The recent uptick in housing finance commitments follows the sharp decline during 2008. History shows that this first uptick is always a precursor to an extended period of further growth. In all six of the previous six major housing finance downturn events over 34 years, the first uptick has been a precursor to an extended period of growth. We are now at number seven. This is a good sign for the property market.

ABSHousingFinanceMar09.jpg


Cheers,

Shadow.

Any chance of an update of the original chart you posted? just to see how things are moving. Cheers.
 
Oh, and I just put the rents up on my former PPOR by $30 a week to $780 now too. Could have squeezed more but happy with my current rent. I only paid $650K for it in 2002.

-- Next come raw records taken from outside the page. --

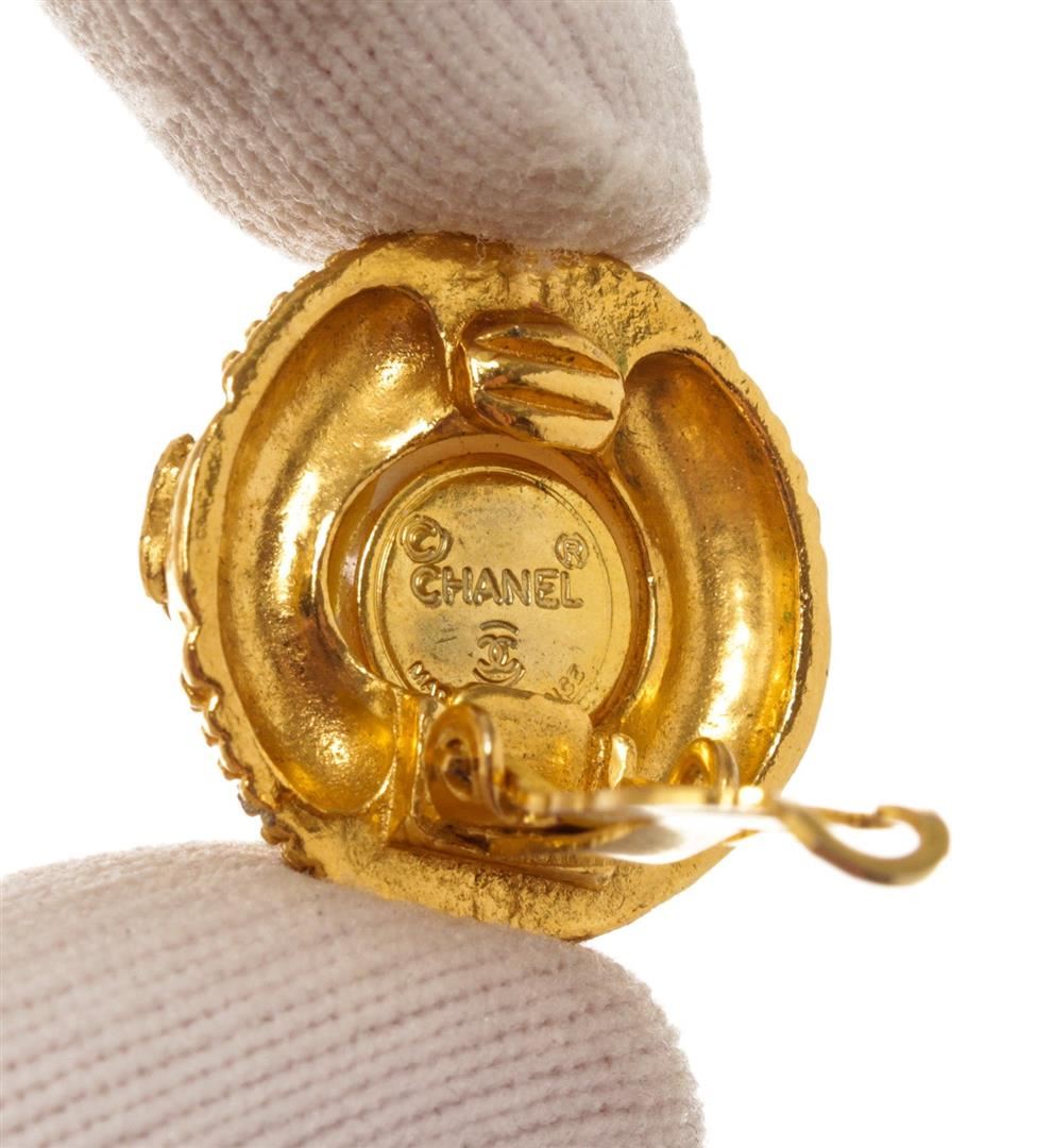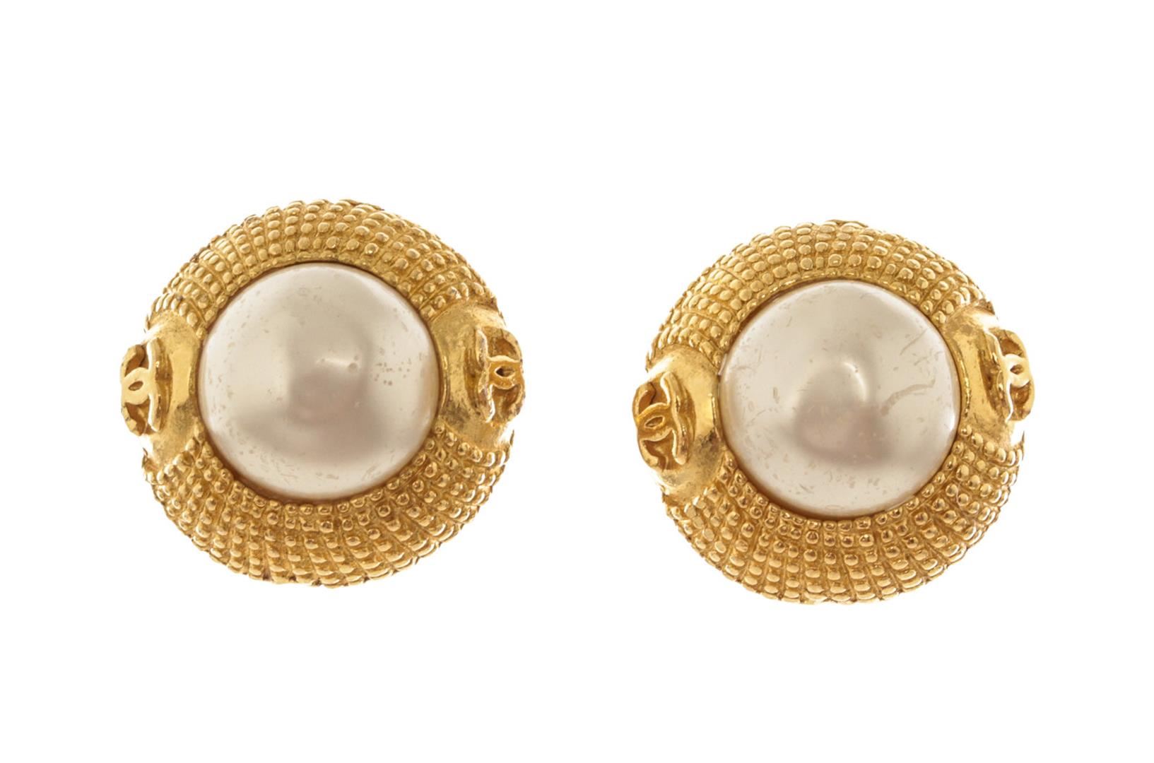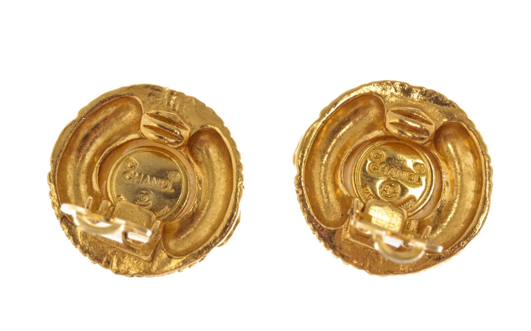 One Chanel Gold-tone Round Pearl Clip-on Earrings. Item is sold AS-IS. All available information is listed in the description and shown in the photo. Chanel Gold-tone Round Pearl Earrings feature pearl at the center, interlocking CC logo, etched accent and gold-tone hardware.
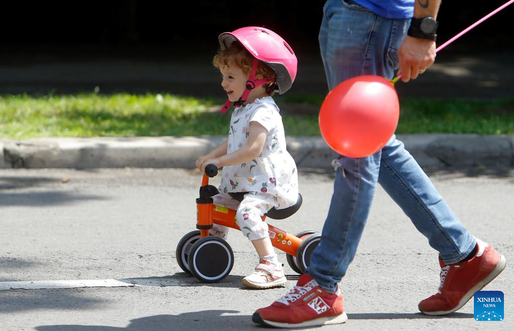 A child participates in a parade of little cyclists during an event marking International Children's Day in Bucharest, Romania, on June 1, 2022. (Photo by Cristian Cristel/Xinhua)
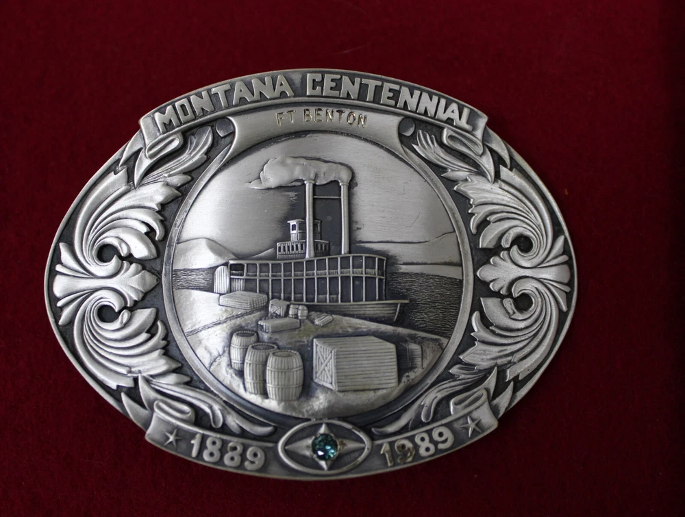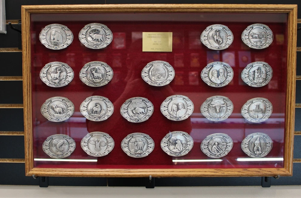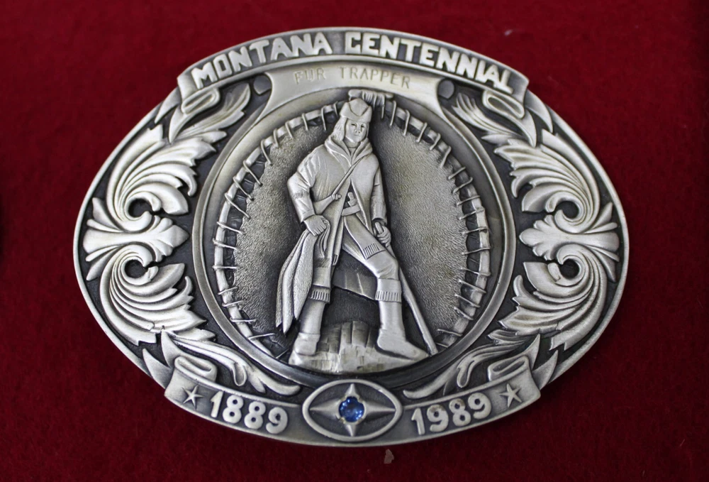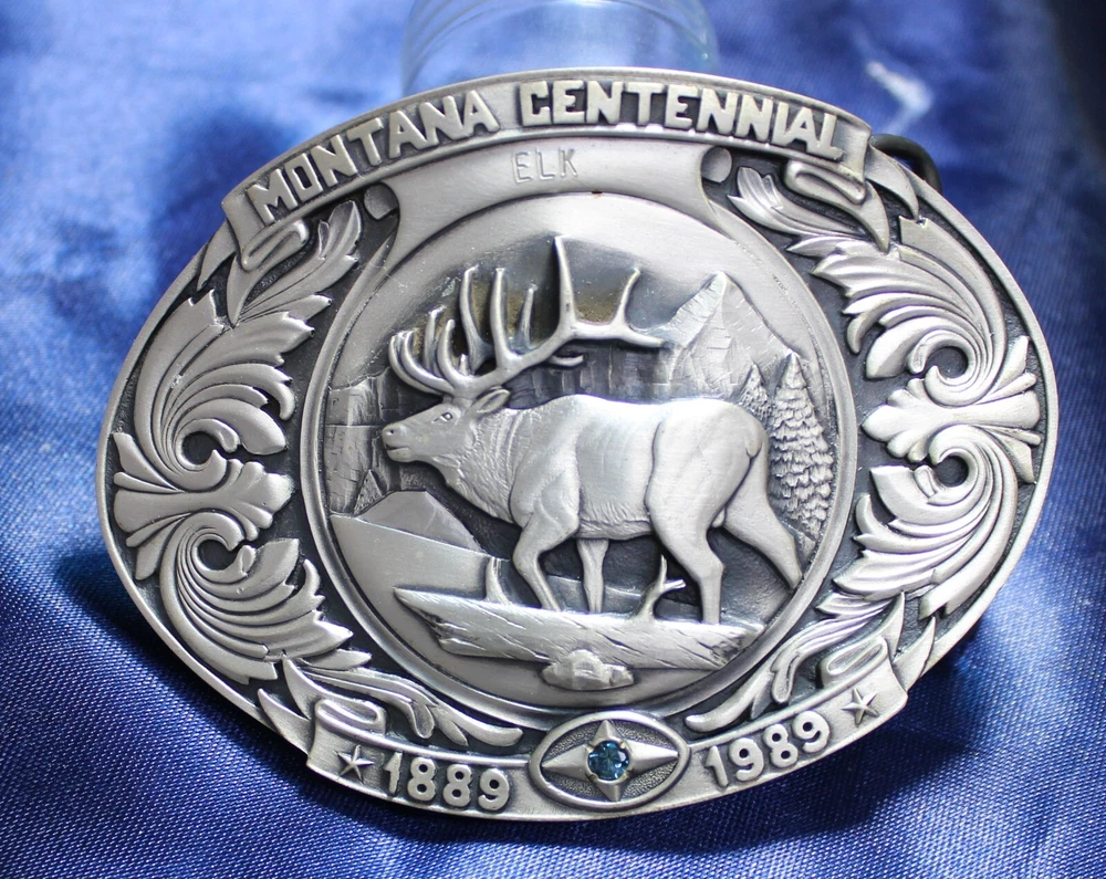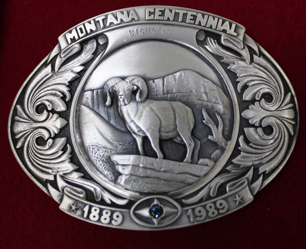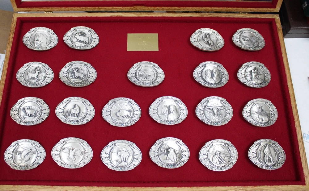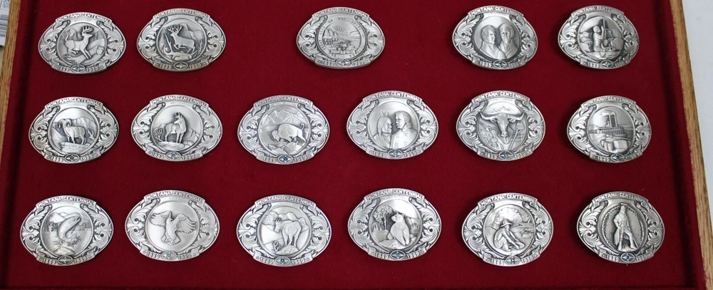 A complete set of (21) Montana Centennial sterling silver belt buckles commemorating the hundred year anniversary of Montana's statehood. While they made 5000 bronze buckles (which trade between $50-100) they only made 250 sterling examples. This is #250 of 250. Were told its one of only two complete sets with the other located at the Charlie Russell museum in Great Falls MT. Each buckle is over 5ozt of sterling silver with a quality MT sapphire. The sapphires were supplied by Adair's Jewelry in Missoula, MT who provided a hand written appraisal of $11k in 2001! Worth note the appraisal states that if a buckle were removed and it wasn't a complete set the value drops to $1500-2k. (2001 money) So it is a big deal to have full set and we are not interested in breaking it up. We are asking $5500 which puts each buckle at only $262 a piece. Shipping would be fedex at around $50. These came over the counter at our brick and mortar store in Helena, MT. You can call us with questions. Our phone # is on card in pics. (didn't want to write here in case of spam) Awesome set don't expect it to last long. Thanks for looking.

Putting my bear hat on for a minute, it strikes me that a 2010 rent is yielding around 6.2% on the 2002 purchasing price, which is still lower than the interest costs on a mortgage at current rates.

Assuming that the cost of renting and buying should be broadly similar, then that suggests there's been a discrepancy between the two for the last eight years (in that house's location).

If things are to balance out then I'd expect rents to rise relative to prices. Or prices to fall relative to rents.

That said, I'm guessing that capital gains on Michael's property have put him a long way ahead.